Many people associate the ketogenic diet with eating lots of meat and are surprised to hear that it’s possible to follow it while being meat-free. One variation of the meat-free ketogenic diet is the pescatarian keto diet. Being a pescatarian (also spelled “pescetarian”) is very similar to being a vegetarian except that you eat fish. Pescatarian keto is not nearly as restrictive of a diet as you might imagine, and there are a variety of benefits to following it. Here are five of them.
1. Following a meat-free keto diet is easier if you add fish.
Vegetarian keto is entirely possible, and many people are able to achieve ketosis without eating any meat. Just check out the subreddit r/vegetarianketo, and you’ll see how many people have vegetarian keto recipes and tips to share. You may also want to consider ordering the book Ketotarian: The (Mostly) Plant-Based Plan to Burn Fat, Boost Your Energy, Crush Your Cravings, and Calm Inflammation. Vegan keto is possible too (see meatfreeketo.com for tasty recipe examples if you’re skeptical) although more challenging, and it’s vital to be somewhat savvy in the kitchen.
Regardless, there’s little denying that meat eaters have it easiest when it comes to keto. Vegetarian protein sources are often pricey, and you may be limited in your choices if you don’t live in an area with specialty grocery stores nearby. The pescatarian keto diet may not be as simple as the traditional keto diet, but it means you have more food options than a full vegetarian. Check out the Pescatarian Keto Food Shopping List to get an idea of what you can eat on this diet.
2. A pescatarian keto diet is more ethical and sustainable than a traditional keto diet.
Ethical and environmental concerns are typically cited as reasons to avoid or limit meat consumption. If animal welfare and sustainability are on your mind, you may be concerned about following a ketogenic diet and thus increasing your consumption of animal products. A pescatarian diet is a great compromise, especially if you make sure to purchase foods like sustainably farmed fish and free range eggs.
Boulder-based company LoveTheWild produces sustainable fish fillets and sauces that can be prepared at home. They reached out to me on Twitter to add the following information to this article: “Fish requires a lot less resources to raise. A sustainably farmed fish, for example, needs 1.2 pounds of feed and 1 gallon of fresh water, whereas a chicken requires 2.3 pounds of feed and 2,000 gallons of fresh water.” You can find the company on Twitter under the handle @LoveTheWildCo. Definitely check them out!
If you’re actually considering a fully vegetarian keto diet but aren’t sure if it’s right for you, see Vegetarian vs. Keto: Pros and Cons of a Vegetarian Keto Diet.
3. You get all the health benefits of being in ketosis.

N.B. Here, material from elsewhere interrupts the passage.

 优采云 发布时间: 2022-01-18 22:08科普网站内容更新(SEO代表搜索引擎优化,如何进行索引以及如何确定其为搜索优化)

If you’re already convinced that a ketogenic diet is beneficial for both physical and mental health, go ahead and skip to the next point on the list. Chances are that you wouldn’t be reading this if you weren’t already aware of the reasons people choose keto. You can get all the benefits of ketosis as a pescatarian as long as you’re hitting your macros. Those benefits include:
- Reduced cravings
- Easier weight loss
- Improved mental focus
- Increased energy
It’s important to note that following a ketogenic diet does not guarantee weight loss; this is a popular misconception based on the fact that it makes weight loss easier. You still need to eat fewer calories than you burn to lose weight, but you’re more likely to overeat carbs and sugar than fat and protein. Many people lose weight on keto without counting calories.
There’s also a lot of evidence that keto can improve a variety of physical and mental health issues, even sometimes causing them to go into remission. These conditions include depression, type II diabetes, high blood pressure, and arthritis. To learn more about the health benefits of ketosis, see this article: The Biggest Ketogenic Diet Benefits.

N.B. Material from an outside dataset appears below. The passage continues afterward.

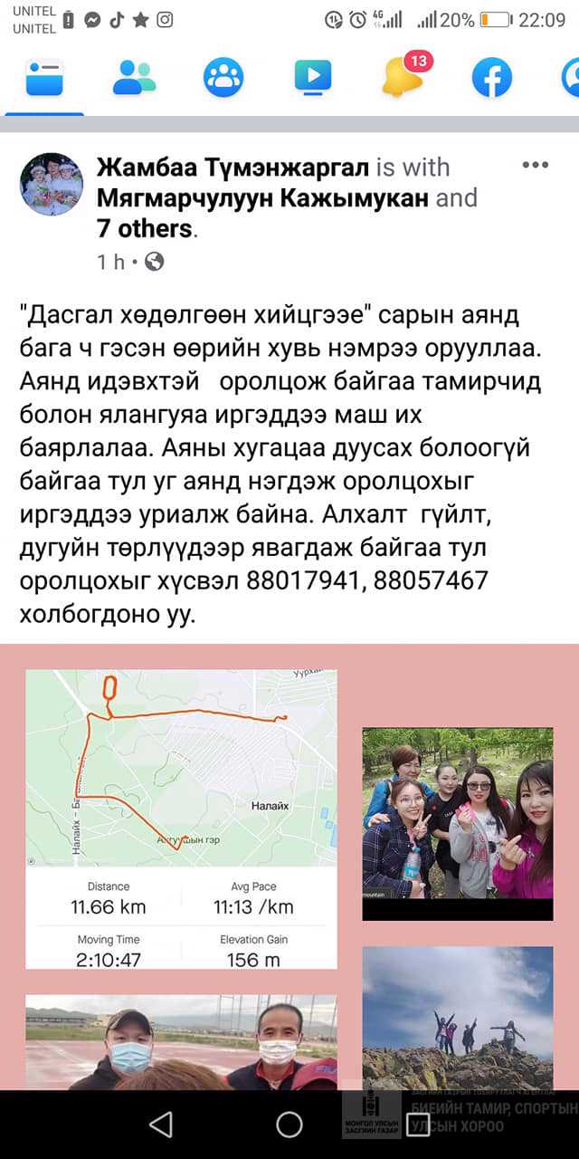 , идэвхтэй оролцож дасгалаар дархлаагаа дэмжиж байгаа Налайхчууд Та бүхэндээ амжилт хүсэе. баярлалаа.

4. Research supports lowering meat consumption and eating lots of plants.
If you’re hardcore into the ketogenic lifestyle and a meat-eater, not eating meat sounds like blasphemy, and you’re probably pretty skeptical of claims that red meat is unhealthy. On the other hand, if you’re interested in vegetarianism, you probably disagree. Michael Pollan, an author who has investigated food and diet extensively, recommends that people “Eat food, not too much, mostly plants.” He also comments that this advice offends vegans and meat lovers alike. However, if you’re not invested in one extreme or the other, his recommendation seems like a logical compromise that is backed by research.
Following a pescatarian keto diet that consists of ample fish and veggies while avoiding meat is certainly one way to follow this advice.
5. Fatty fish is the perfect keto food, and it’s delicious!
Fatty fishes are often mentioned by keto experts when discussing what foods to eat on the traditional keto diet. Keto enthusiast Dominic D’Agostino is a professor and scientist who has been featured on both Joe Rogan’s and Tim Ferris’s podcasts, and he’s quick to talk about sardines as a great keto food. He specifically recommends Wild Planet sardines, which are sustainably caught in the North Pacific ocean.
Another fatty fish commonly referenced as a keto food is salmon, which is rich in omega-3 fatty acids (the “good fats”) as well as potassium, selenium, and B vitamins. Dr. Rhonda Patrick is another health expert with impressive credentials, and while she does not follow a ketogenic or vegetarian diet, she frequently references salmon and its health benefits on her podcast appearances.
See What Are the Best Fatty Fishes to Eat on the Keto Diet? to learn about more fishes with high fat content as well as which fishes are low in fat.
Keto vs. Pescatarian
Looking to make a lifestyle change, but not sure if you want to eat a keto diet or a pescatarian diet? Considering that a pescatarian keto diet is an ethical choice that also gives you the benefits of being in ketosis, there is no reason not to be both keto and pescatarian or vegetarian.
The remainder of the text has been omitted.